DST Systems, Inc. Announces Exchange Transaction Involving 4.125% Series A Convertible Senior Debentures
26 November 2009 - 12:45AM
PR Newswire (US)
KANSAS CITY, Mo., Nov. 25 /PRNewswire-FirstCall/ -- DST Systems,
Inc. (NYSE:DST) (the "Company") today announced that the Company
has entered into separate privately negotiated exchange agreements
under which it will exchange $66.6 million in aggregate principal
of the Company's outstanding 4.125% Series A Convertible Senior
Debentures due 2023 ("Existing Debentures") for $66.6 million in
aggregate principal of new 4.125% Series C Convertible Senior
Debentures due 2023 ("New Debentures"). The New Debentures are
convertible under certain circumstances by holders into shares of
DST common stock per $1,000 original principal amount of debentures
at an initial conversion rate of 20.3732 shares (subject to
adjustment in certain events). This is equivalent to an initial
conversion price of $49.08 per share for the New Debentures.

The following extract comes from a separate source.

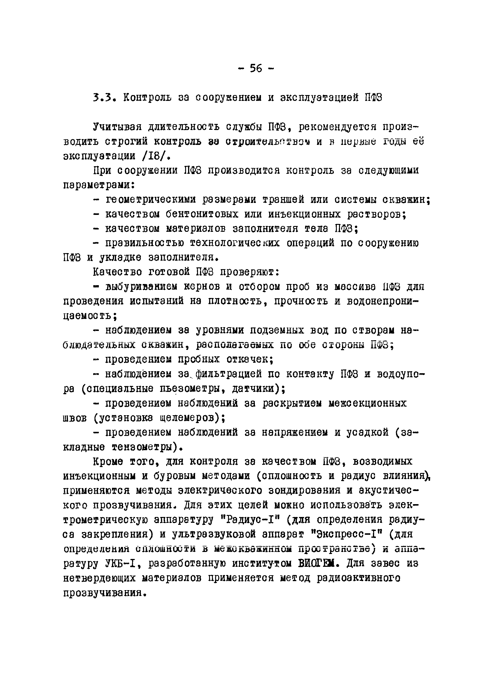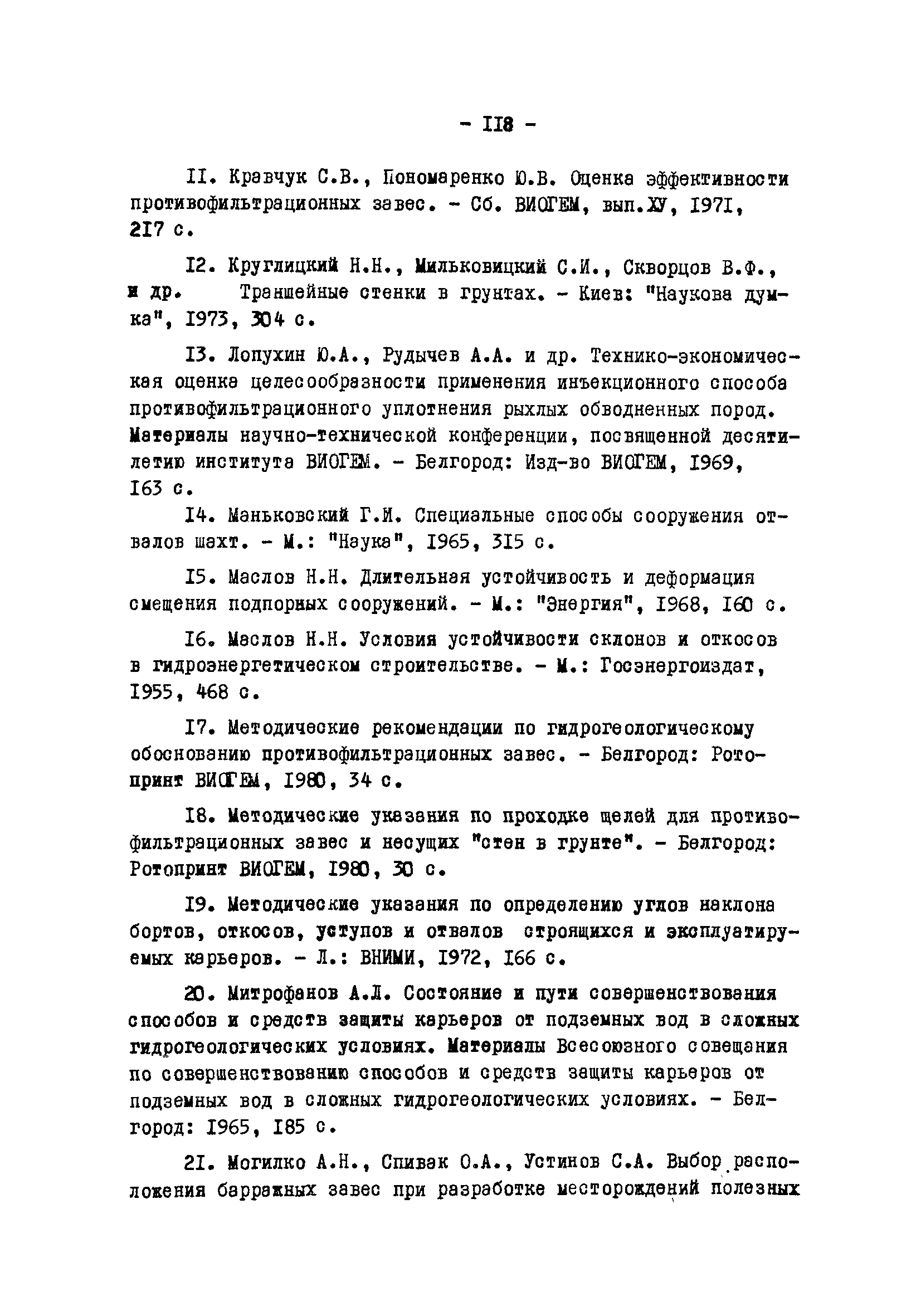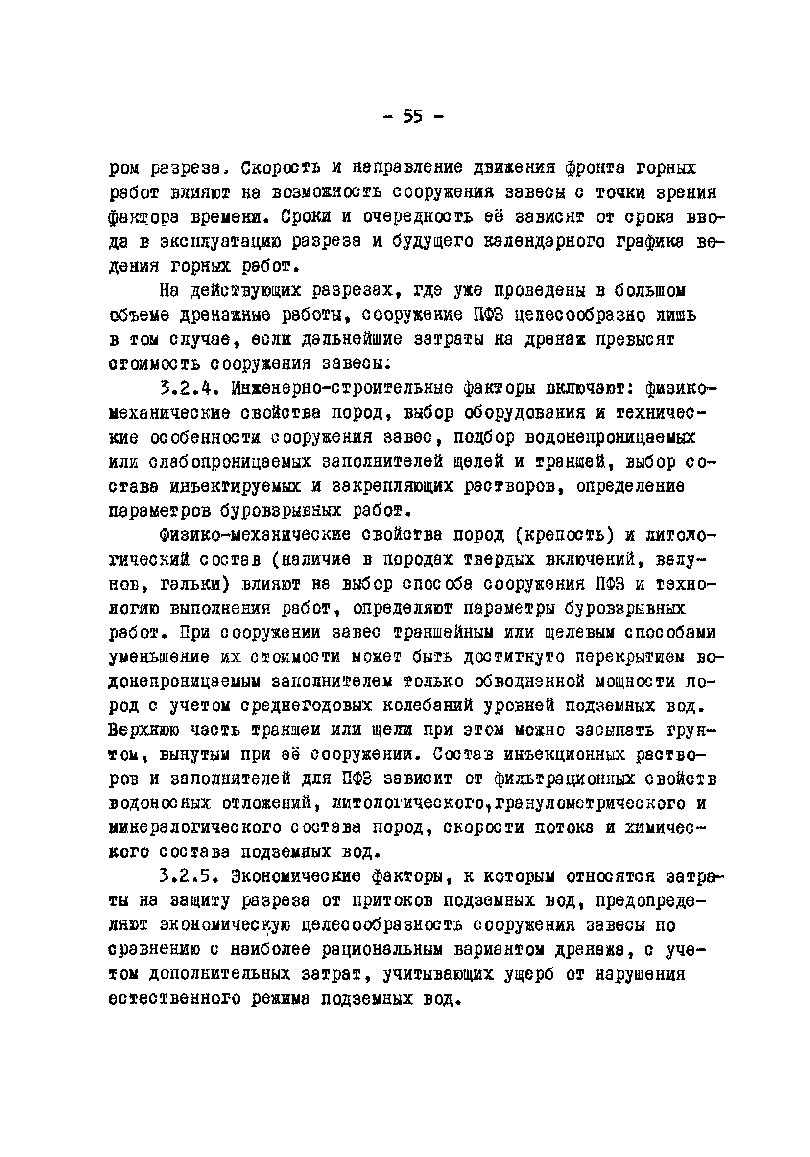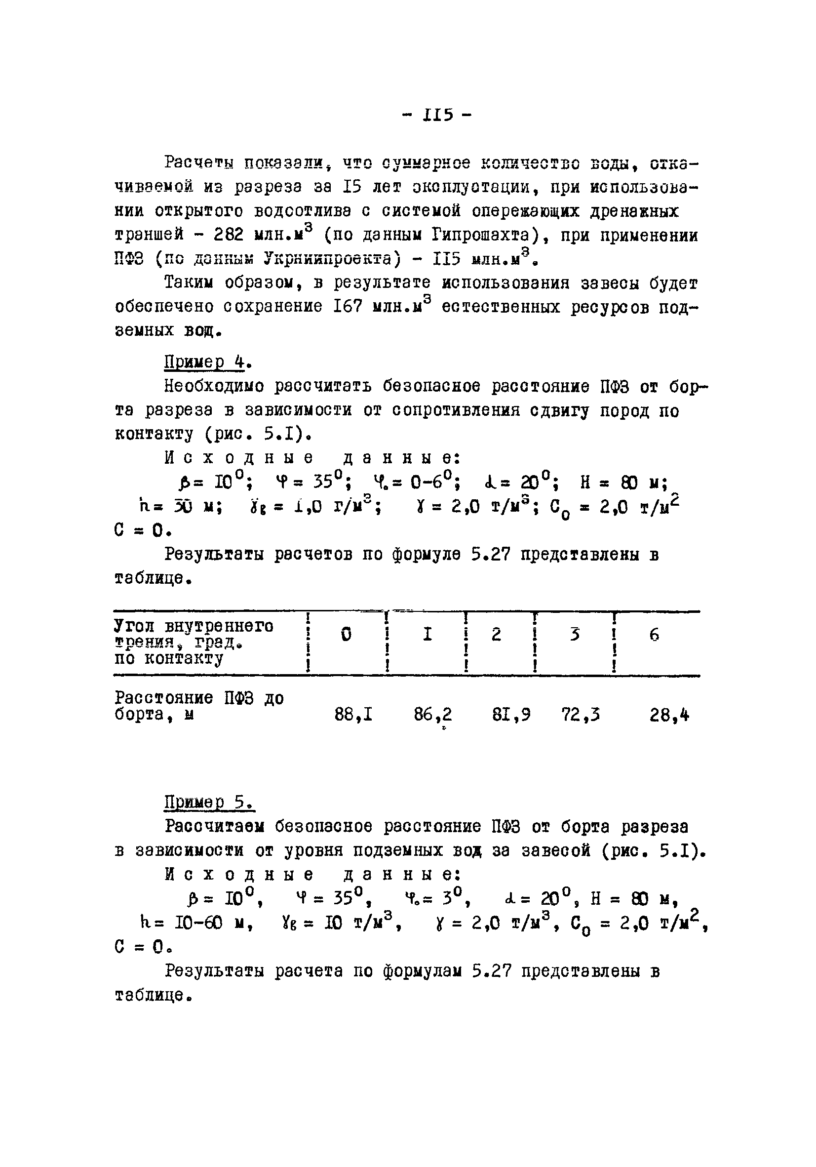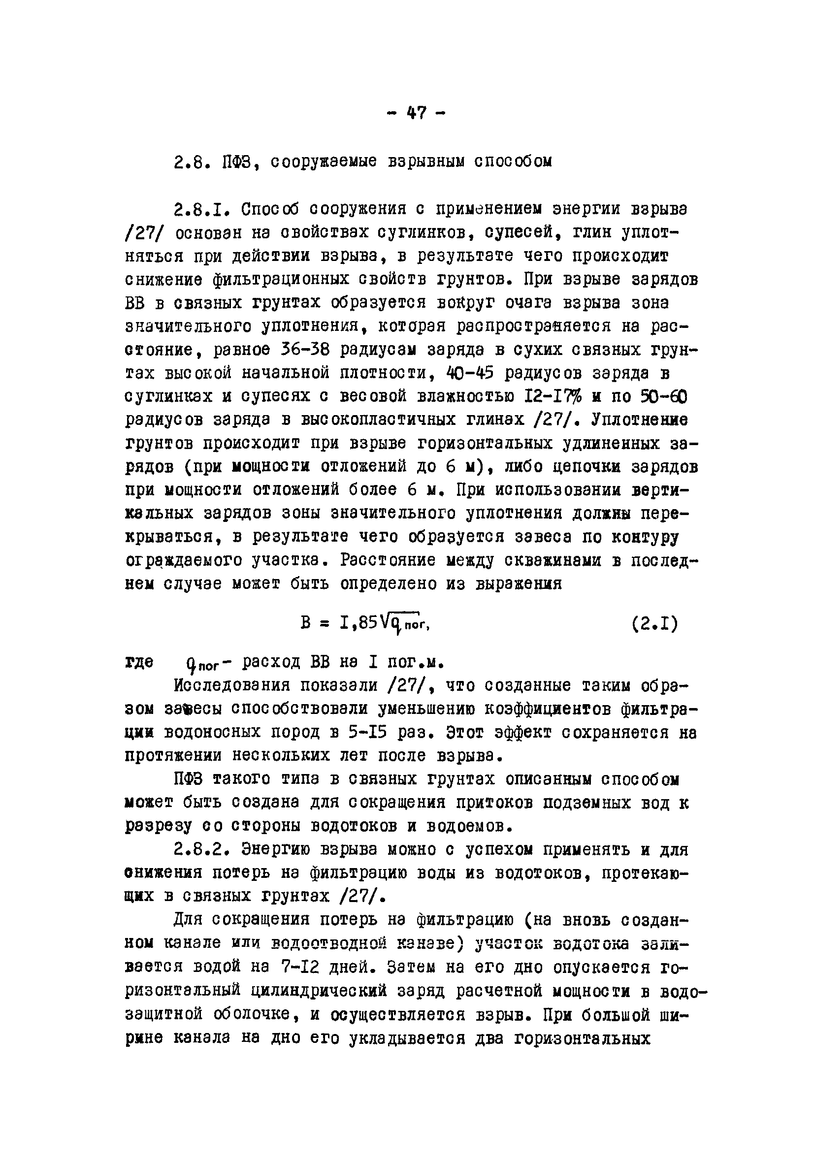 Временные методические указания по применению противофильтрационных завес на угольных разрезах| Статус: | справочные материалы, мп, тпр | | Название рус.: | Временные методические указания по применению противофильтрационных завес на угольных разрезах | | Дата добавления в базу: | 01.01.2018 | | Дата актуализации: | 01.01.2021 | | Область применения: | В документе содержатся сведения по использованию противофильтрационных завес, оцениваются техника и технология их сооружения различными способами, рассматриваются факторы, влияющие на создание завес, приводятся расчеты и рекомендации по использованию противофильтрационных завес на угольных разрезах. | | Оглавление: | 1 Типы ПФЗ, применяемые в практике открытых горных пород 1.1 Принципиальные схемы 1.2 Материалы водоудерживающих заполнителей 2 Технические средства и технологические особенности сооружения 2.1 ПФЗ, сооружаемые буровым способом 2.2 Свайный метод сооружения 2.3 Траншейные 2.4 Щелевые 2.5 Инъекционные 2.6 Криогенные 2.7 Гидрозавесы и пневмозавесы 2.8 ПФЗ, сооружаемые взрывным способом 3 Проектирование, изыскания и контроль 3.1 Проектирование 3.2 Исходные данные, подлежащие учету при сооружении 3.3 Контроль за сооружением и эксплуатацией 4 Гидрогеологические расчеты противофильтрационных завес 4.1 Типовые схемы расчетов 4.2 Расчет линейных и полузамкнутых 4.3 Расчет кольцевых 4.4 Расчет несовершенных 4.5 Расчет в слоистых толщах 4.6 Расчет инъекционных завес 4.7 Моделирование 5 Оценка условий устойчивости при сооружении ПФЗ 5.1 Расчеты напряжённого состояния 5.2 Расчеты устойчивости 5.3 Оценка влияния на устойчивость откосов 6 Рекомендации по применению ПФЗ на угольных разрезах 6.1 Классификация угольных месторождений с открытым способом отработки по условиям применения ПФЗ 6.2 Указания по использованию различных типов противофильтрационных завес Приложение. Примеры расчета ПФЗ Список использованных источников | | Разработан: | УкрНИИпроект ВНИИОСуголь

Shares
of the Company's common stock, into which the New Debentures are
convertible, have been reserved for issuance by the Company and
listed on the New York Stock Exchange. Holders of the New
Debentures have the option to require the Company to purchase the
notes on August 15, 2014 and certain subsequent dates, and in
certain other circumstances, at a price equal to the accreted
principal amount of the Series C debentures to be purchased plus
any accrued and unpaid interest. The Company has the right to
redeem the New Debentures beginning August 15, 2013. No
Solicitation This press release shall not constitute an offer to
sell or a solicitation of an offer to buy any securities, nor shall
there be any sale of securities in any state or jurisdiction in
which such offer, solicitation or sale would be unlawful prior to
registration or qualification under the securities laws of any such
state or jurisdiction. The information and comments in this press
release may include forward-looking statements respecting DST and
its businesses. Such information and comments are based on DST's
views as of today, and actual actions or results could differ.
There could be a number of factors, risks, uncertainties or
contingencies that could affect future actions or results,
including but not limited to those set forth in DST's periodic
reports (Form 10-K or 10-Q) filed from time to time with the
Securities and Exchange Commission. All such factors should be
considered in evaluating any forward-looking statements. The
Company undertakes no obligation to update any forward-looking
statements in this press release to reflect future events.
DATASOURCE: DST Systems, Inc. CONTACT: Thomas A. McDonnell, Chief
Executive Officer, +1-816-435-8684, Kenneth V. Hager, Vice
President and Chief Financial Officer, +1-816-435-8603, both of DST
Systems, Inc.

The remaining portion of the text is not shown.